## Task instructions
Make an exact copy of every entry below, with the pictures left out.

## Provided material

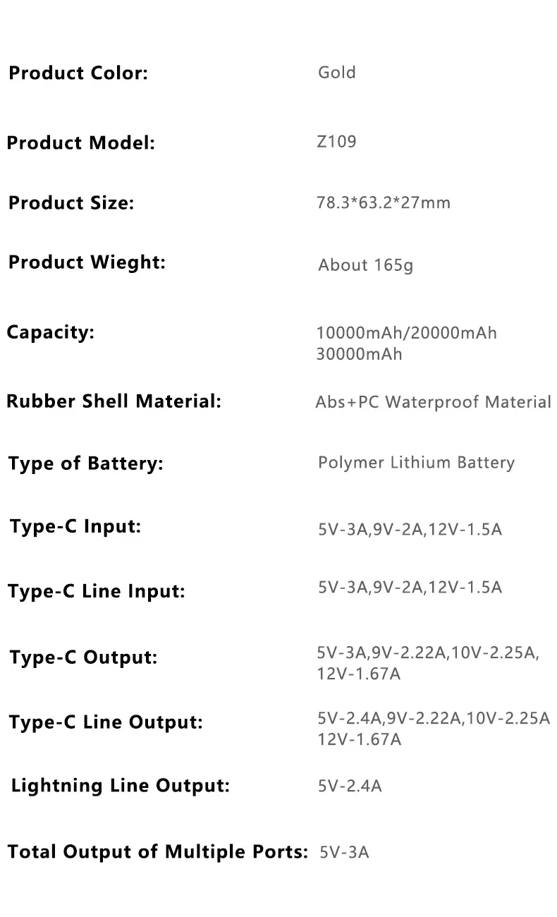 Capacity: 10000mAh/20000mAh/30000mAh/50000mAh/100000mAh
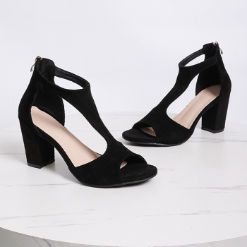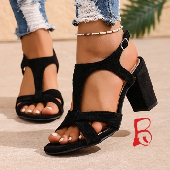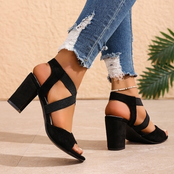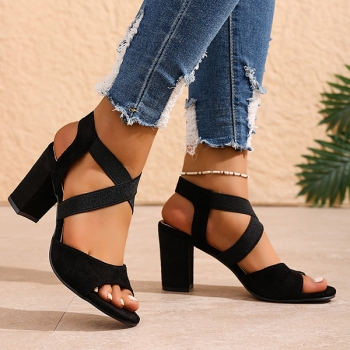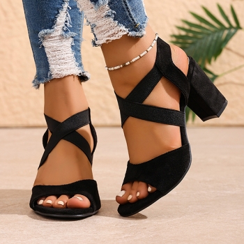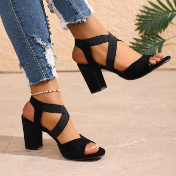 Trendiga sandaler med fyrkantig tå, korsade remmar och blockklack
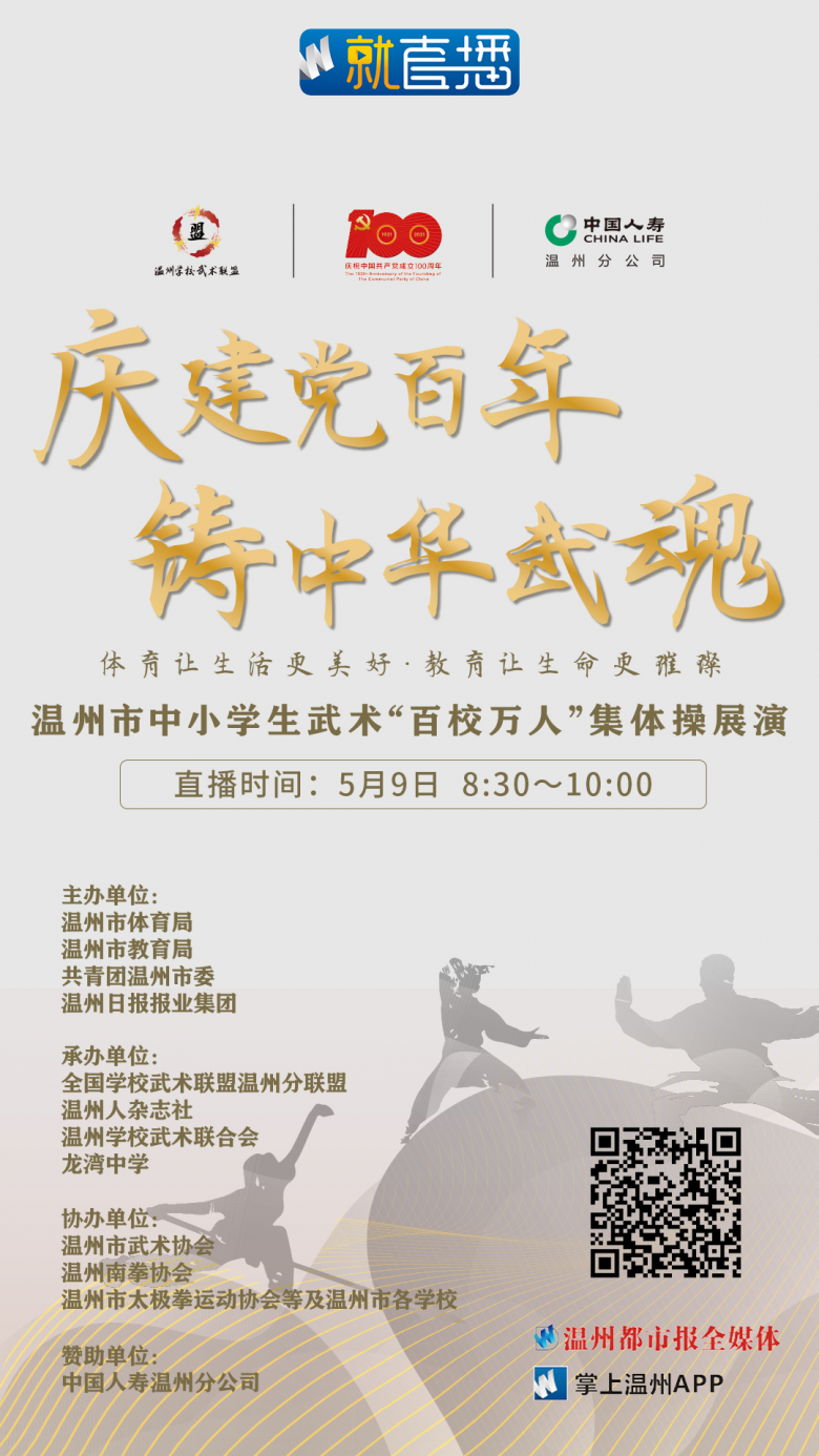 温都讯 记者昨天获悉,我国10位武术世锦赛冠军近日录制视频,预祝5月9日在温州举办的“庆建党百年•铸中华武魂”百校万人中华武术大展演活动圆满成功。
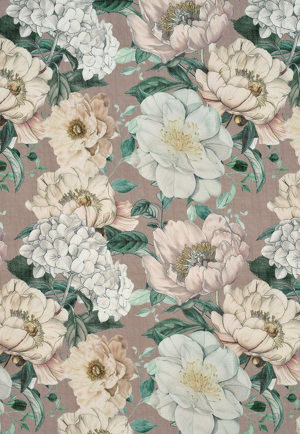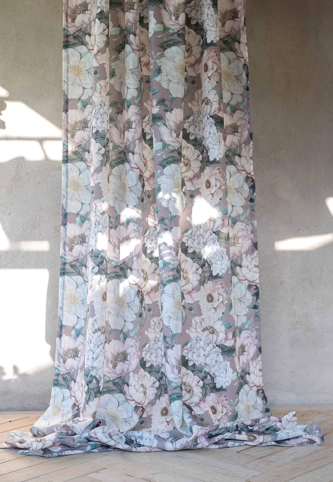 Panelgardiner med smukke pæoner. Materiale med dejligt fald. Indvævede slubtråde giver en flot struktur. God lysgennemskinnelighed. Trykket ses tydeligt på bagsiden.
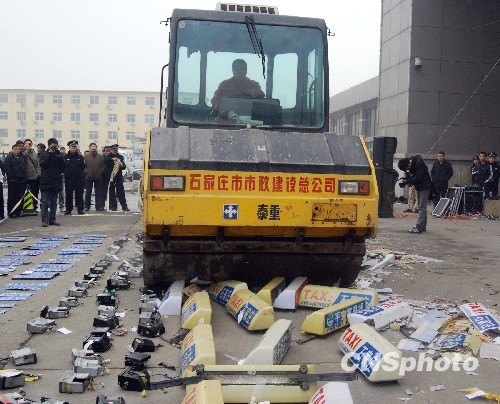 11月27日,河北石家庄市公安局公交分局在长途客运总站站前广场,销毁了用于非法经营“黑出租”的顶灯、计价器、车牌照等相关标志200余件。
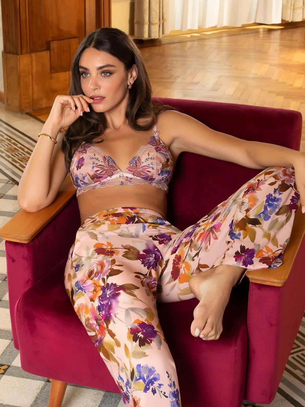 7色の糸からなる花の刺繍は軽やかなルレックス糸の貴重な反射によって
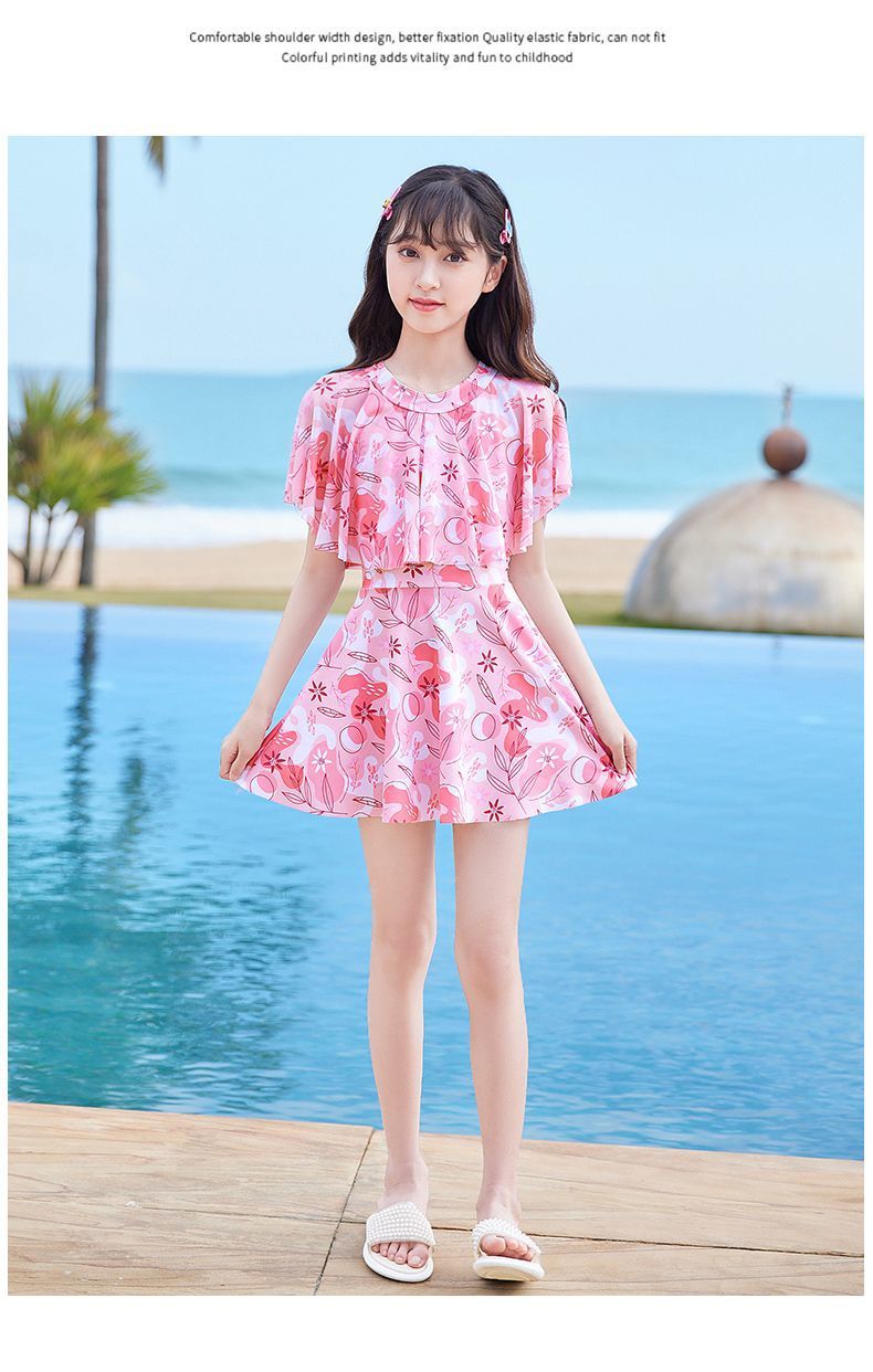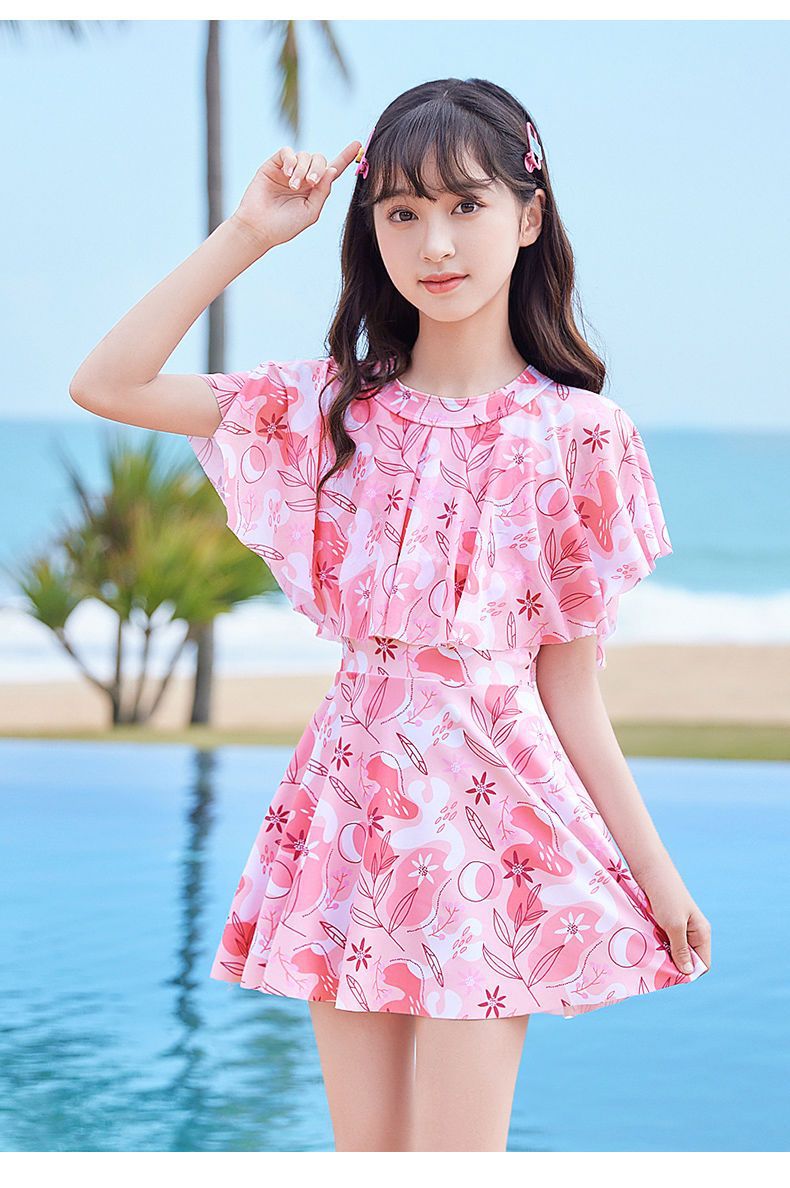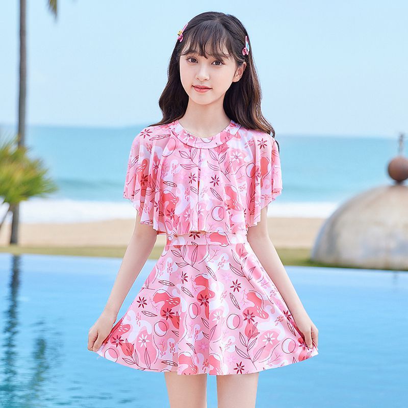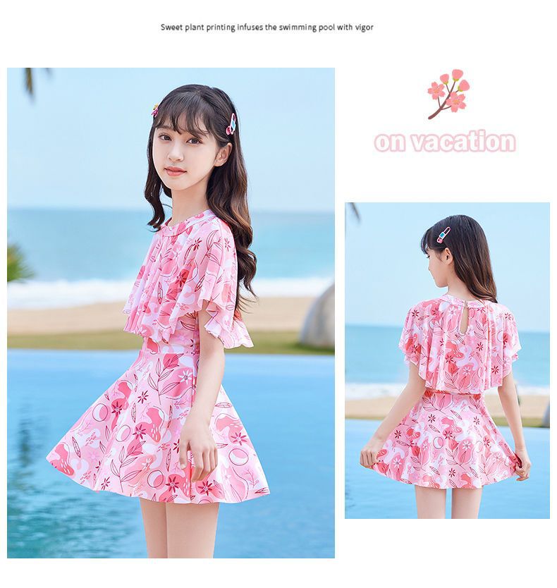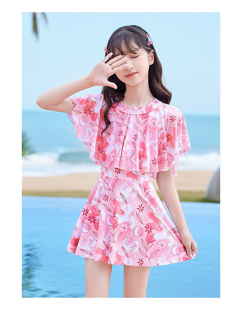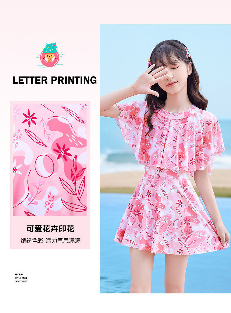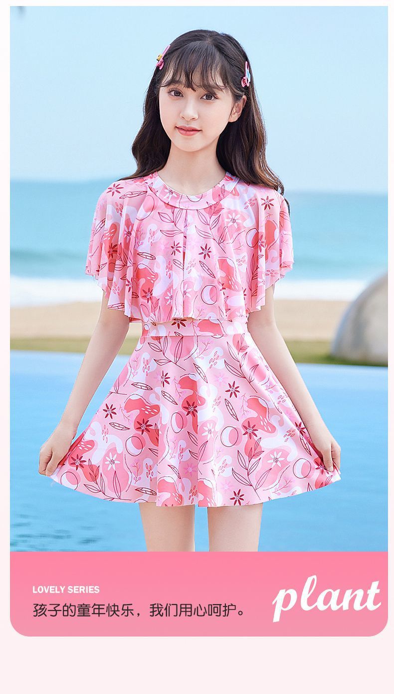 어린이 수영복 소녀 새로운 여름 원피스 소형, 중형 및 대형 어린이 소녀 공주 스커트 스타일 귀여운 프린트 수영복

## Exercise result
 Capacity: 10000mAh/20000mAh/30000mAh/50000mAh/100000mAh
 Trendiga sandaler med fyrkantig tå, korsade remmar och blockklack
 温都讯 记者昨天获悉,我国10位武术世锦赛冠军近日录制视频,预祝5月9日在温州举办的“庆建党百年•铸中华武魂”百校万人中华武术大展演活动圆满成功。
 Panelgardiner med smukke pæoner. Materiale med dejligt fald. Indvævede slubtråde giver en flot struktur. God lysgennemskinnelighed. Trykket ses tydeligt på bagsiden.
 11月27日,河北石家庄市公安局公交分局在长途客运总站站前广场,销毁了用于非法经营“黑出租”的顶灯、计价器、车牌照等相关标志200余件。
 7色の糸からなる花の刺繍は軽やかなルレックス糸の貴重な反射によって
 어린이 수영복 소녀 새로운 여름 원피스 소형, 중형 및 대형 어린이 소녀 공주 스커트 스타일 귀여운 프린트 수영복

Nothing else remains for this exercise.